At the end of the day. the big question is: What is my financial, operational and economic risk exposure in the event of a disruption in our external supply-chain?

The risk of external supply-chain interdependencies has been talked about for many years. Monte Carlo simulations, scenario analysis and other methods have been effective in the determination of what the magnitude of a loss event may look like. Once the dollar analysis is done and you know that your exposure is $XXM. or $XB., then what do you do with that information?

Much of the outcome of this exercise may go into the next strategic planning phase on who you need to partner with or create an alliance with in order to satisfy certain future contingencies. Once you realize that you need more than one source for a raw material or a key service to run your business, then the real analysis begins. Who and where do I find the best alternatives for this vital component in my global supply-chain?

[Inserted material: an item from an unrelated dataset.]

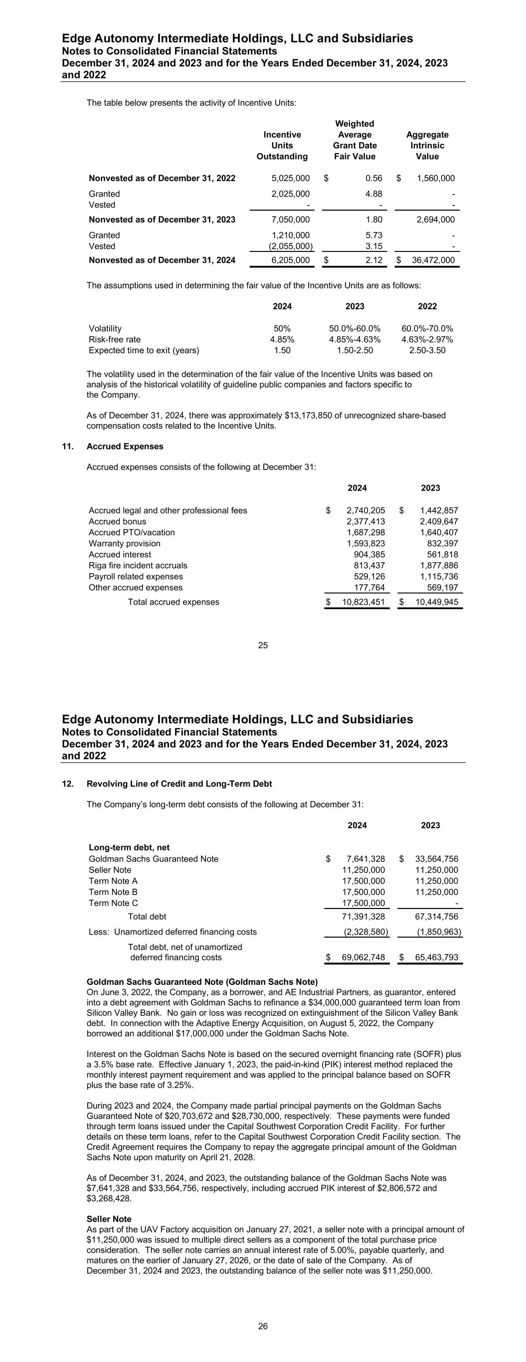 Edge Autonomy Intermediate Holdings, LLC and Subsidiaries Notes to Consolidated Financial Statements December 31, 2024 and 2023 and for the Years Ended December 31, 2024, 2023 and 2022 25 The table below presents the activity of Incentive Units: Weighted Incentive Average Aggregate Units Grant Date Intrinsic Outstanding Fair Value Value Nonvested as of December 31, 2022 5,025,000 0.56$ 1,560,000$ Granted 2,025,000 4.88 - Vested - - - Nonvested as of December 31, 2023 7,050,000 1.80 2,694,000 Granted 1,210,000 5.73 - Vested (2,055,000) 3.15 - Nonvested as of December 31, 2024 6,205,000 2.12$ 36,472,000$ The assumptions used in determining the fair value of the Incentive Units are as follows: 2024 2023 2022 Volatility 50% 50.0%-60.0% 60.0%-70.0% Risk-free rate 4.85% 4.85%-4.63% 4.63%-2.97% Expected time to exit (years) 1.50 1.50-2.50 2.50-3.50 The volatility used in the determination of the fair value of the Incentive Units was based on analysis of the historical volatility of guideline public companies and factors specific to the Company. As of December 31, 2024, there was approximately $13,173,850 of unrecognized share-based compensation costs related to the Incentive Units. 11. Accrued Expenses Accrued expenses consists of the following at December 31: 2024 2023 Accrued legal and other professional fees 2,740,205$ 1,442,857$ Accrued bonus 2,377,413 2,409,647 Accrued PTO/vacation 1,687,298 1,640,407 Warranty provision 1,593,823 832,397 Accrued interest 904,385 561,818 Riga fire incident accruals 813,437 1,877,886 Payroll related expenses 529,126 1,115,736 Other accrued expenses 177,764 569,197 Total accrued expenses 10,823,451$ 10,449,945$ Edge Autonomy Intermediate Holdings, LLC and Subsidiaries Notes to Consolidated Financial Statements December 31, 2024 and 2023 and for the Years Ended December 31, 2024, 2023 and 2022 26 12. Revolving Line of Credit and Long-Term Debt The Company’s long-term debt consists of the following at December 31: 2024 2023 Long-term debt, net Goldman Sachs Guaranteed Note 7,641,328$ 33,564,756$ Seller Note 11,250,000 11,250,000 Term Note A 17,500,000 11,250,000 Term Note B 17,500,000 11,250,000 Term Note C 17,500,000 - Total debt 71,391,328 67,314,756 Less: Unamortized deferred financing costs (2,328,580) (1,850,963) Total debt, net of unamortized deferred financing costs 69,062,748$ 65,463,793$ Goldman Sachs Guaranteed Note (Goldman Sachs Note) On June 3, 2022, the Company, as a borrower, and AE Industrial Partners, as guarantor, entered into a debt agreement with Goldman Sachs to refinance a $34,000,000 guaranteed term loan from Silicon Valley Bank. No gain or loss was recognized on extinguishment of the Silicon Valley Bank debt. In connection with the Adaptive Energy Acquisition, on August 5, 2022, the Company borrowed an additional $17,000,000 under the Goldman Sachs Note. Interest on the Goldman Sachs Note is based on the secured overnight financing rate (SOFR) plus a 3.5% base rate. Effective January 1, 2023, the paid-in-kind (PIK) interest method replaced the monthly interest payment requirement and was applied to the principal balance based on SOFR plus the base rate of 3.25%. During 2023 and 2024, the Company made partial principal payments on the Goldman Sachs Guaranteed Note of $20,703,672 and $28,730,000, respectively. These payments were funded through term loans issued under the Capital Southwest Corporation Credit Facility. For further details on these term loans, refer to the Capital Southwest Corporation Credit Facility section. The Credit Agreement requires the Company to repay the aggregate principal amount of the Goldman Sachs Note upon maturity on April 21, 2028. As of December 31, 2024, and 2023, the outstanding balance of the Goldman Sachs Note was $7,641,328 and $33,564,756, respectively, including accrued PIK interest of $2,806,572 and $3,268,428. Seller Note As part of the UAV Factory acquisition on January 27, 2021, a seller note with a principal amount of $11,250,000 was issued to multiple direct sellers as a component of the total purchase price consideration. The seller note carries an annual interest rate of 5.00%, payable quarterly, and matures on the earlier of January 27, 2026, or the date of sale of the Company. As of December 31, 2024 and 2023, the outstanding balance of the seller note was $11,250,000.

If you begin your due diligence now on the top 10 vital components in your supply-chain contingency planning exercise, you might have these all completed, through the legal department and signed within a few months time. If you are lucky. Then you must really test the new supplier or source for your product or service to determine how smooth they operate when you pick up the phone or send the "Alert".

The ultimate architecture requires an "Adaptive Supply-Chain" that will provide cross-border agreements and resilient mutual-aid partners to assist in times of crisis. Just shifting production from one country to another may not be enough to mitigate the disruption in a vital component of the manufacturing process or delivery of services.

Having a reflexive and responsive supply-chain is only one of many contingencies in a robust Business Crisis and Continuity Management plan.

When was the last time you reviewed your key suppliers and sourcers plans for continuous operations and their record for testing these plans? This will be the place you find your greatest weakness in external supply-chain management.

And your readiness factor, is directly proportional to your interdependencies in your supply-chain.